Technologies: young Europeans can aim higher

Currently in the European Union, men far outnumber women in information and communication technologies. In 2021, less than one in five specialists in this field was a woman. More broadly, in business and finance, less than one in ten of the EU’s largest listed companies have a woman as chair or CEO.

In Prague, we meet two young women who are determined to make a difference from this point of view. They come from both ends of Europe and both dream of being future business leaders. “My main interest is sustainable development and I would like to work in companies that act for the environment,” confides to us the Turinese Consolata Losana, 21 years old. Olubukola Adebowale, nicknamed Bukky, 23, comes from Kildare in Ireland. “My big fight is for women and people of color to have access to everything in society,” she points out.

Agents of change in the “numerical revolution”

Bukky and Consolata are in the Czech capital, along with 27 other young students from EU countries, but also from the Western Balkans and Ukraine to participate in a Summer Course for Women in Leadership in the Digital Age organized by technology company Huawei.

“What we try to do with our Courses,” said Berta Herrero Estalayo, Director of Equality, Diversity and Inclusion at Huawei EU, “is about giving women the tools and skills they need to not only shape, but also lead the digital revolution.”

During this training, current leaders from the worlds of technology, business and politics made the trip to challenge these future agents of change to contribute to the reduction of gender inequalities. Among them, Caroline Ramade, founder and CEO of 50inTech, lists the lines of action: “We must reduce the pay gap, achieve fair professional development and a better work-life balance.”

“This question is not as simple as one thinks,” ensures Olubukola Adebowale. “For example, when we look at this question,” she continues, “we don’t just consider women, but also women of color, women with disabilities and others.”

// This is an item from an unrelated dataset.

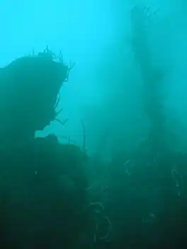 Coron Bay is famous for diving on ten Japanese shipwrecks. The ships Akitsushima, Okikawa Maru, Irako, Kogyo Maru, Olympia Maru, Taiei Maru, Kyokuzan Maru, East Tangat Gunboat and Lusong Island Gunboat were sunk on September 24, 1944, by the third air fleet of US Task Force 38.[1] The wrecks can be reached in a one-hour drive from Coron by dive boat. With the exception of the Lusong Island Gunboat, which partially breaks through the water surface and is therefore suitable for snorkelers, and the East Tangat Gunboat, which is suitable for beginners at a depth of 5 to 20 m, all other wrecks lie at depths of 20 to 45 m. Some of the wrecks are over 100 m long and have decks, corridors, galleys etc. that can be dived. Some equipment has been salvaged from some of the wrecks (e.g. the engine blocks removed), but there are still various equipment and some grenades there. Because of the depth and size of the sunk ships, nitrox is usually used for diving because of the longer no-stop time and shorter decompression stops.[2]

Social issues and public speaking

Climate change, sustainable development and energy transition are all subjects to be debated for these young women who seek to build the Europe of tomorrow.

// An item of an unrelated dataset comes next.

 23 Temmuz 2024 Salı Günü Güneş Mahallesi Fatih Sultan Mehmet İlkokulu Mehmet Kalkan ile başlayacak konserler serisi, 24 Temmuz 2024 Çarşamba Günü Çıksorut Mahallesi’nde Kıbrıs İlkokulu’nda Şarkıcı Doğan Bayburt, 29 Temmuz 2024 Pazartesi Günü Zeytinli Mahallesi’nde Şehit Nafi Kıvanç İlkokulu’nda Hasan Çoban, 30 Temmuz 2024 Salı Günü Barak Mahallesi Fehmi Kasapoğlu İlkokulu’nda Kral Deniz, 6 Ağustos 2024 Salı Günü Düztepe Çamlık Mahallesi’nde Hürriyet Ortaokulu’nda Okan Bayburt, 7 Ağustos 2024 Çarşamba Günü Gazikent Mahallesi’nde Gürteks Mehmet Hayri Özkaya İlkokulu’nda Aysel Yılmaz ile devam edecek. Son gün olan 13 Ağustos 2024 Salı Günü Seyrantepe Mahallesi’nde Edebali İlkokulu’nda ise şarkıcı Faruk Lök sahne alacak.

“The climate crisis must be considered the top priority,” assures Consolata Losana, “but clearly, I don’t want to forget that sustainable development has a social component, no one should be left behind.”

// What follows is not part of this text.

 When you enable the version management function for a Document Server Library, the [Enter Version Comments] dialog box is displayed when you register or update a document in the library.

During their Summer Course, the Consolata and Bukky team imagined a training and networking platform to help SMEs navigate the digital and sustainable world.

They had to overcome their stress to present their idea on stage. This speech is a useful experience according to Bukky who was satisfied with her intervention. And for good reason, the two young women received a Prize at the closing ceremony of the Summer Course at Troja Castle.

The two students have hope and motivation to resell for the future: It gave me a boost of confidence to take all my ideas and channel them into the future for the benefit of younger generations,” recognizes Bukky. “I’m extremely grateful, I’m sad it’s over, but I know it’s just the start of something big,” assures Consolata.